Figure 5. cdon mRNA expression is regulated by Shh.
cdon expression is slightly but significantly upregulated in the dorsal neural tube following Shh inhibition with cyclopamine as compared to control shown by ISH (A–D). Overexpression of Shh via heat shock results in loss of cdon expression. tg(hsp70l:shha-eGFP) embryos were heat shocked at 10 hpf and ISH was performed at 28 hpf for cdon expression. cdon is decreased within the dorsal trunk of Shh overexpressing embryos at 28 hpf (E–H; n=38 for heat shock; n=20 no heat shock). (I) qRT-PCR for cdon and patched 1/2 following Cyclopamine treatment show significant upregulation (p=0.0294) of cdon following Shh inhibition. Positive controls for Shh knockdown include patched1/2, a downstream readout of the canonical Shh signaling pathway, which is significantly reduced following cyclopamine treatment (p=0.0039). Gene expression was normalized to EF1a. Unpaired two tailed T-tests were performed in Graphpad (Prism).

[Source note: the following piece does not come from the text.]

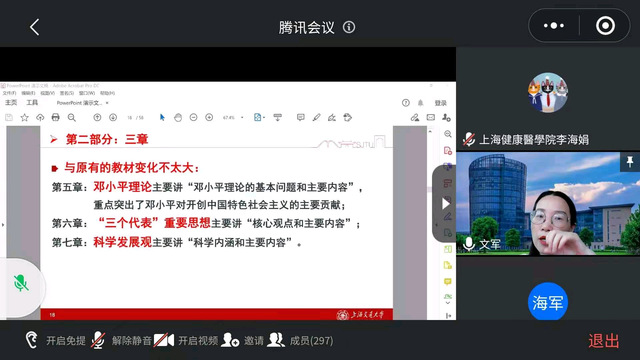 在新学期即将开学之际,为了更好地把握《概论》课教材新修订的基本状况,并深入研究习近平“七一”重要讲话精神并把这一精神贯穿到教学之中,8月20日下午,马克思主义中国化教研室全体教师参加了上海市教委思想政治理论课教学指导委员会“概论课”分教指委组织的“学习习近平'七一'重要讲话精神暨《毛泽东思想与中国特色社会主义理论体系概论》新版教材备课研讨会”。因受疫情影响,本次会议主要在线上举行。

cdon regulates N-cadherin localization in migrating NCCs
Another possible mechanism by which cdon functions to regulate NCC migration is by interacting with the adhesion protein N-cadherin (cdh2). To test this, we examined N-cadherin expression by immunofluorescence following cdon knockdown in Tg(sox10:eGFP) embryos. In wildtype embryos, N-cadherin localizes primarily to the cell surface of recently emigrated trunk NCCs, with expression resolving to the leading edge of the NCC membrane as migration proceeds ventrally along the neural tube (Figure 6A–C, G–I, N). In cdon morphants however, N-cadherin expression is seen both on the membrane and also diffusely throughout the cytoplasm of both recently emigrated and migratory NCCs and is no longer primarily localized to the cell membrane where it likely may act to regulate cell adhesion and/or protrusions (Figure 6D–F, J–L, O). Quantification of fluorescent intensity of N-cadherin in ImageJ using Plot Profile (Figure N, O) confirms that N-cadherin expression peaks at the leading edge cell membrane in migrating NCCs and this concentrated distribution is lost in cdon morphant NCCs. Profiles in cdon morphants were either at baseline levels across the cell or similar to that shown in Figure 5O, where expression is distributed throughout the cytoplasm. Total levels of N-cadherin expression were similar in wildtype and cdon morphant NCCs (data not shown). Ratios of fluorescent intensity of N-cadherin expression at the membrane or in the cytoplasm normalized to total intensity were then calculated and further demonstrate a shift in N-cadherin localization from the membrane to the cytoplasm in cdon morphant NCCs (Figure 5M). This suggests that Cdon regulates N-cadherin localization in trunk NCCs, possibly through binding N-cadherin and localizing it to the cell membrane, and that misregulation of N-cadherin localization results in misdirected NCC migration. While cdon mRNA is only expressed in premigratory cells, and quickly downregulated as cells start to migrate, we predict that the protein expression is maintained in NCCs throughout their migration. However, these data do suggest that there is already “priming” of migration before the cells leave the neural crest staging area, as polarity and adhesion proteins are relocalized for directed migration.
Figure 6. N-cadherin is mislocalized in cdon morphant NCCs.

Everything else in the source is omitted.